On the Ground in Kaohisiung 0330

Stoner paid no attention to the noise in the hall, figuring it was Danny coming for him. He continued to work at the documents; they were a kind of personal history, detailing Professor Ai’s mother’s flight from the Mainland.

Ai didn’t want to take back China so much as destroy it. His mother had been accused of being a whore or traitor — the words weren’t clear to him.

“Mr. Stoner,” said one of the Whiplash troopers from down the hall.

“Yo!” yelled Stoner.

Boston trotted into the room, two Marines in tow.

Stoner looked up from the desk. “I need to talk to Captain Freah.”

“Gotta come up to do it. We’re not in line of sight, and we’re too deep under the concrete for the sat transmission. That would be why your radio didn’t work,” the sergeant added.

Stoner smiled. He realized he hadn’t even tried it.

“Mr. Stoner?”

“Yeah, I’m fine. Hang on a second. Let me finish this one section here. Then we gotta go find your boss. Quickly.”

Aboard Raven 0330

With The F-8IIs on a northern intercept, Zen turned Hawk Four onto their noses and changed Hawk Three ’s course so he could fly by the 767 and continue out toward them. He was at 35,000 feet, about 8,000 higher than his target but lower than the Chinese Communist planes. He pushed his nose down slightly, figuring he would ride just above the airliner, close enough to get a good view but still give himself room to react to the Mainlanders.

The image of the 767 appeared in his screen, synthesized first by the long-range radar. He switched back to infrared, getting the now-familiar blur. The computer counted down the intercept in the lower left-hand side of the screen, time over miles. As he passed the five-mile mark, he saw the faint glow of the cabin lights.

“Looks like passengers aboard,” he told Dog.

* * *

Dog acknowledged and glanced at Delaney, who was already looking at him, probably ready with another warning about their dwindling fuel.

Before the copilot could do that, Danny Freah interrupted on the Dreamland Command frequency.

“Go ahead, Danny.”

“I have Stoner here.
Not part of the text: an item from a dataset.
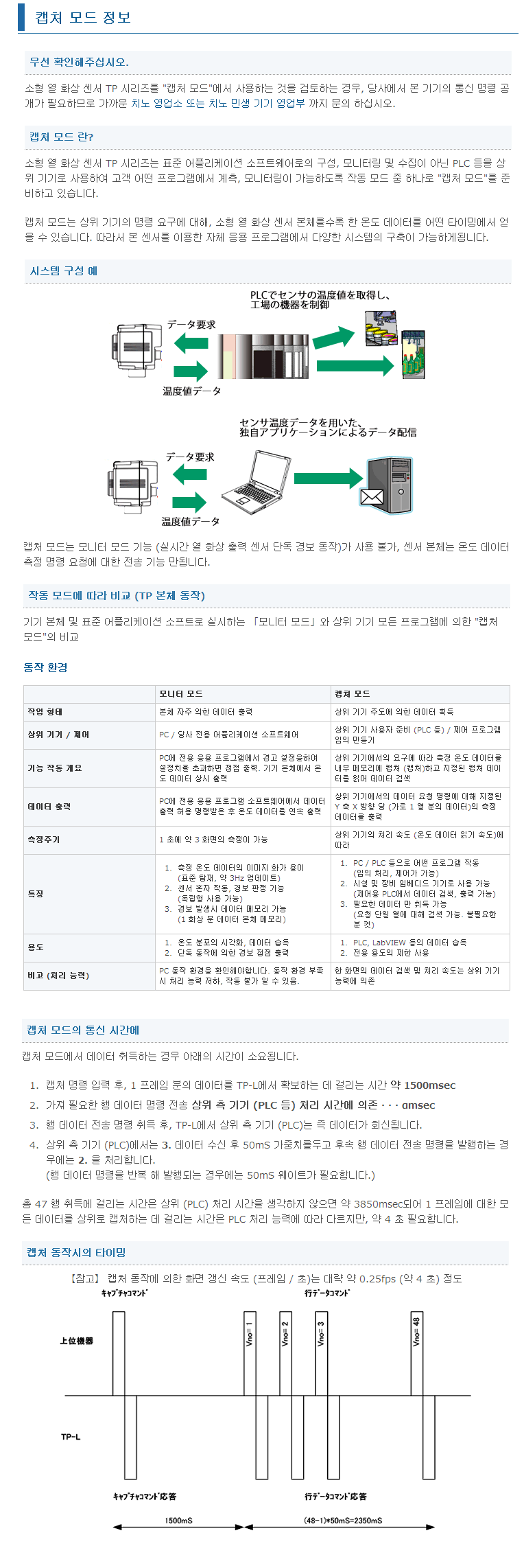 1. 캡처 명령 입력 후, 1 프레임 분의 데이터를 TP-L에서 확보하는 데 걸리는 시간 약 1500msec

He has more information.”

There was a pause, some static on the line.

“Colonel, I found some sort of document here prepared by the man who did most of the work on the UAV and some weapons. They do have a nuke.”

“You sure?”

“Oh yeah. It’s not an ordinary nuke — it’s a neutron bomb. A scientist named Ai Hira Bai developed it. I’m looking at what I guess you’d call kind of his life story. I haven’t translated everything. It’s kind of rambling about his past and family and the Japanese. He was close to Chen Lee, but apparently Chen Lee died.”

“When?”

“Not clear. Recently, according to this. My guess is that if they have a bomb they’ll try to detonate it over the capital, kill the Chinese leadership. They’ll take out the leaders but spare the buildings. I’m pretty sure about that.”

“Thanks for the advice,” said Dog.

“One other thing — they have two bombs, not one.”

“Two? You’re sure?”

“The symbol for two happens to be one of the first things I ever learned,” he said. “Looks like two missiles in a box. Yeah, I’m sure.”
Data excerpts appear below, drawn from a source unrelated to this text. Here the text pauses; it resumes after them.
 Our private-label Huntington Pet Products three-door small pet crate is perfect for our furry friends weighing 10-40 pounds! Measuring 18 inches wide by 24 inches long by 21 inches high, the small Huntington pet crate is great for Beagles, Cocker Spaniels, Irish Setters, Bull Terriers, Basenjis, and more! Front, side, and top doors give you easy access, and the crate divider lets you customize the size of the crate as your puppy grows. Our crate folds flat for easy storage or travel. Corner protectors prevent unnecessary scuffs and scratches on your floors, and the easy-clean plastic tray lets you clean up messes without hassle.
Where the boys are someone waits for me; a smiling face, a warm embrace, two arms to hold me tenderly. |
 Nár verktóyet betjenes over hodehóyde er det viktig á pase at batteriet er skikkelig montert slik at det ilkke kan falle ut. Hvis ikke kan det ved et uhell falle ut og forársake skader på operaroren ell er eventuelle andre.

Aboard Island Flight A101 0331

Professor Ai felt the sweat starting to pour down the back of his neck. He was not worried about death; he was concerned with failure. They must launch the dragon plane with its bomb now, or they would fail. The communists and the Americans were too close.

“It is time,” he told Chen Lo Fann through the aircraft’s radio. “We must act.”

“Yes. Launch the plane.”

Ai went through the procedure quickly, directing the pilot to begin his descent only a few seconds after he had ascertained all was ready.
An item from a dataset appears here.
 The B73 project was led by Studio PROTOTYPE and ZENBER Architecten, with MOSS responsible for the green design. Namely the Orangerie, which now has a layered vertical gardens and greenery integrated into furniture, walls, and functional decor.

The small UAV fell free of the wing. Ai’s hands shook as he watched the plane’s progress on his computer screen.

He tapped the command and severed the communications tie. The computer program aboard the UAV would carry it on its way.

Now he could carry out his own plan.

“Change course,” he told the pilot, giving him new coordinates. Then he got up to go to the back of the aircraft.